Being different, will require deep and perhaps painful examination of choices, thinking and actions, though it’s not about blame or guilt. It comes from a place of acceptance that as a human you are flawed, that you may have a privilege denied others and trying to understand that and yourself, so you can do better. 

It’s been eight weeks since I’ve been in isolation and I’m not yet ready to return to the world. I feel like the world isn’t ready yet to return to the world. We need more time as John Keats writes to…

“fill all fruit with ripeness to the core;
To swell the gourd, and plump the hazel shells
With a sweet kernel; to set budding more,
And still more”

That is to say – we need more time to prepare the ground for something new.

Life Interrupted – 5

Going to the supermarket is at the best of times, not the best of times. They are noisy, there’s lots of people and way too much visual stimulation. It’s hard to know which is the correct aisle to find what I need and end up walking around as though in a labyrinth. I invariably forget to buy something because I’m hopeless at writing a list.

During these days of a global pandemic; with social distancing and panic buying, supermarkets are a bloody nightmare. Never has such a mundane task turned out to be so stressful. I am constantly aware of how close I am to people or they to me. I feel pressured to get in and out as fast as possible, which adds to the stress. 

Lots of posts on community Facebook pages scold people for being out shopping at all or seemingly taking their time while doing so. This is decidedly unhelpful, as not only are you worried about the person you passed in the aisle being Typhoid Mary, you are also hyper vigilant about who’s watching as look for something I need. 

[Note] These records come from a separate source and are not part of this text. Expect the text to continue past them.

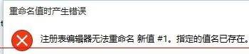 5. 第五步根据下图所示,如果弹出【重命名值时产生错误】提示,则执行下一步。
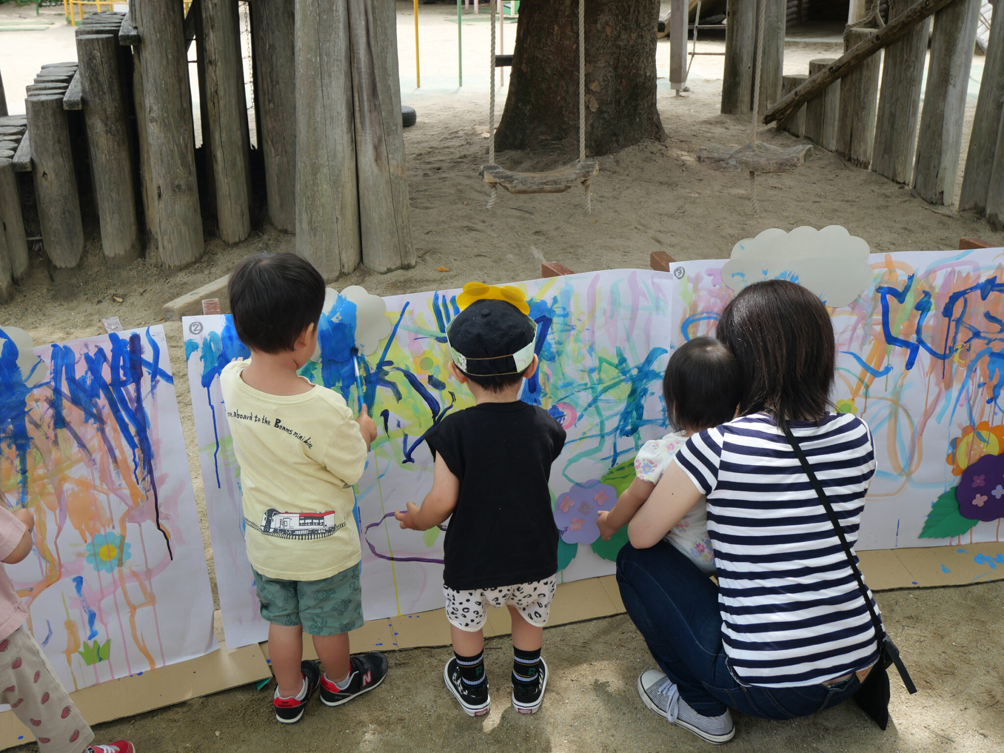 未就園児のために園庭開放をしています。遊具で遊んだり、作ったり、描いたり、親子で楽しい遊びを見つけて頂いています。
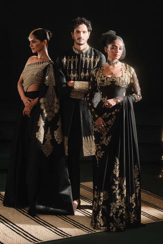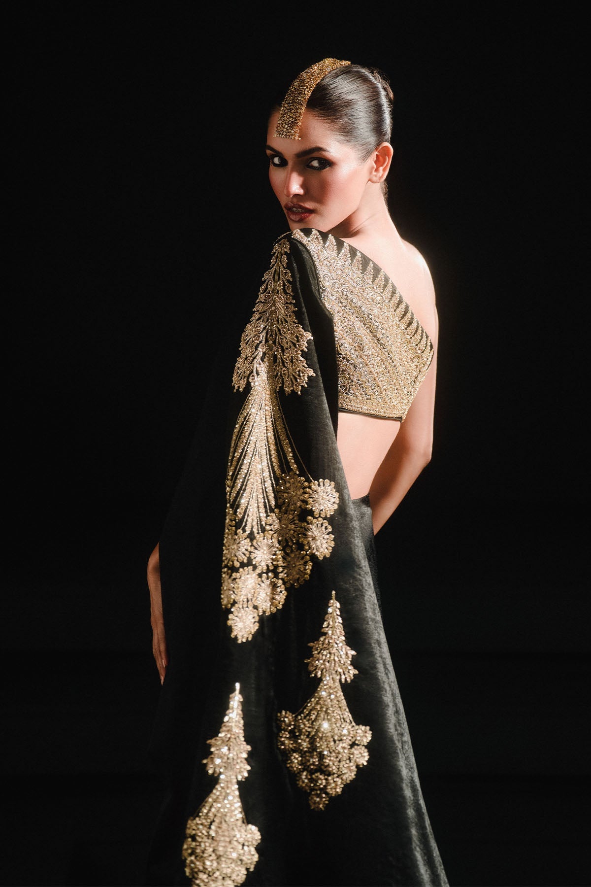 Description:The Kala Khatta Saree Gown defines tradition with a contemporary narrative. Inspired by the beautiful 'Kusum Kali' motif that showers down the pallu in bright gold sitara and moti embroidery. It has a one shoulder blouse that is elegant yet youthful and is completely embelished with our tricone border and a medley of motifs.
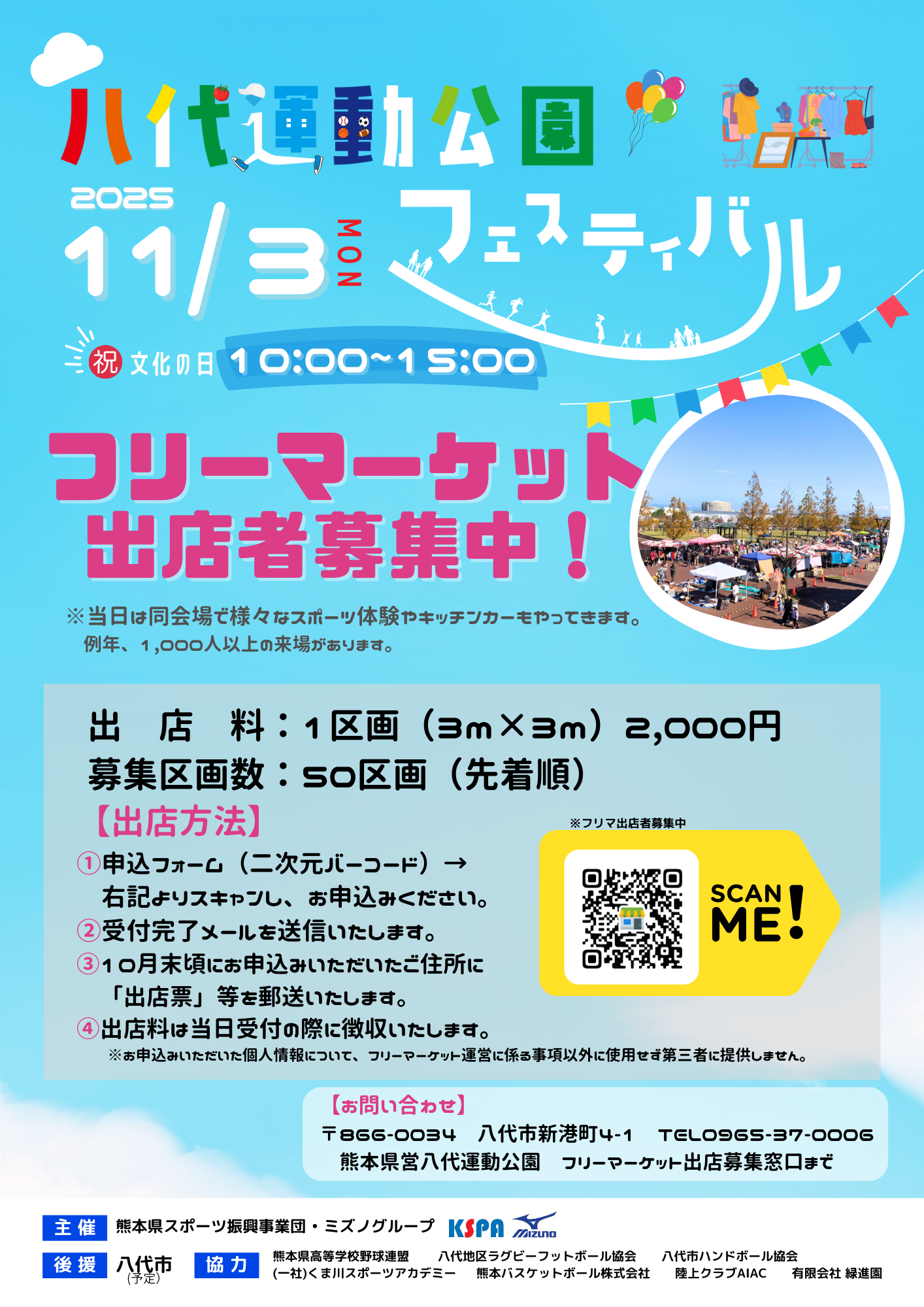 八代運動公園フェスティバル「フリーマーケット出店者」募集‼一般財団法人 熊本県スポーツ振興事業団。
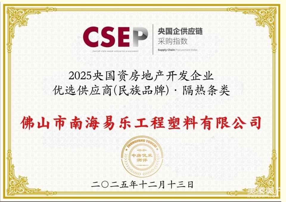 近日,在 “精筑匠心好房 优采新质好材” 供应链合作大会北京站上,白云易乐(佛山市南海易乐工程塑料有限公司)荣耀入选《2025 央国资房地产开发企业优选供应商(民族品牌)研究报告》“隔热条类” 优选供应商!
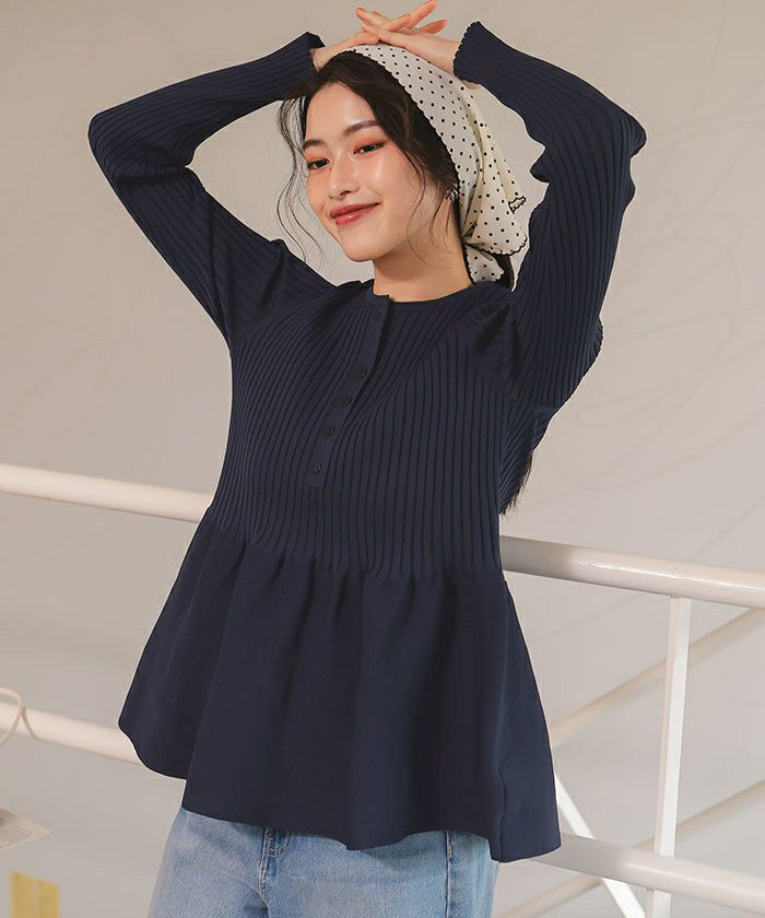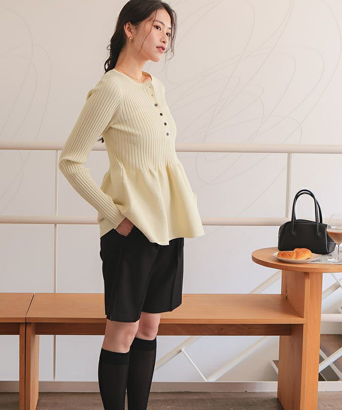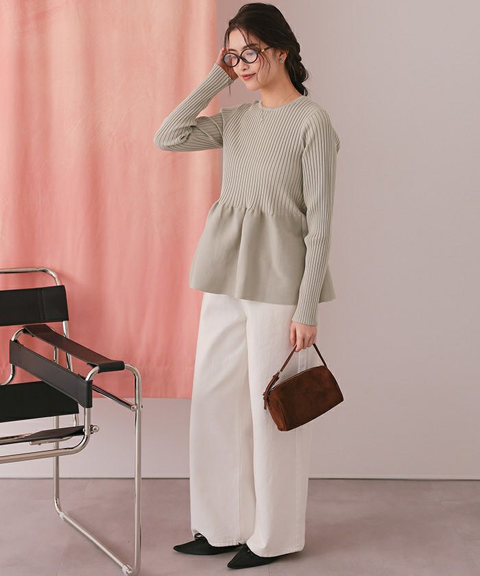 ・ふんわり広がるペプラムシルエットで、腰回りをカバーしつつスタイルアップ

I’ve never wanted to cry in the supermarket before and now it seems to be a regular occurrence. One day, I teared up because I wanted garbage bags but could only find sandwich bags. Being forced to stand on a spot to maintain social distancing and seeing supermarket workers, in masks and gloves is confronting. On another occasion I walked straight back out again because it was just a bit too much.

Like most people, at times I haven’t been able to find what I need – though this has largely been inconvenient rather than urgent. It has led to a few hilarious things like a friend and I  sending each other photos of successful toilet paper gathering missions. And my parents sending my sister a care pack filled with Weetbix because she couldn’t get any where she lives.

There’s some weird things too – I’m still not clear why I have to pack my own shopping bags when the person on the checkout has already touched everything. And have you ever tried picking up more than two pieces of fruit using the inside of a plastic bag – that’s a level of dexterity I’m yet to master.

I realise of course, there is a massive level of privilege in being able to go to a supermarket to buy what I need. And while much of this surreal, inconvenient and stressful, I’m not struggling to buy essential things because I still have a job in middle of the pandemic.

There are bigger questions here too, which I’m not able to fully articulate yet, about the essentials of normal life and freedom. But those thoughts will have to wait until I can go to the supermarket without planning it like a covert mission. Although, even when that happens, will just popping to the shops for a few essentials ever be the same again? Maybe not and maybe that will be a good thing.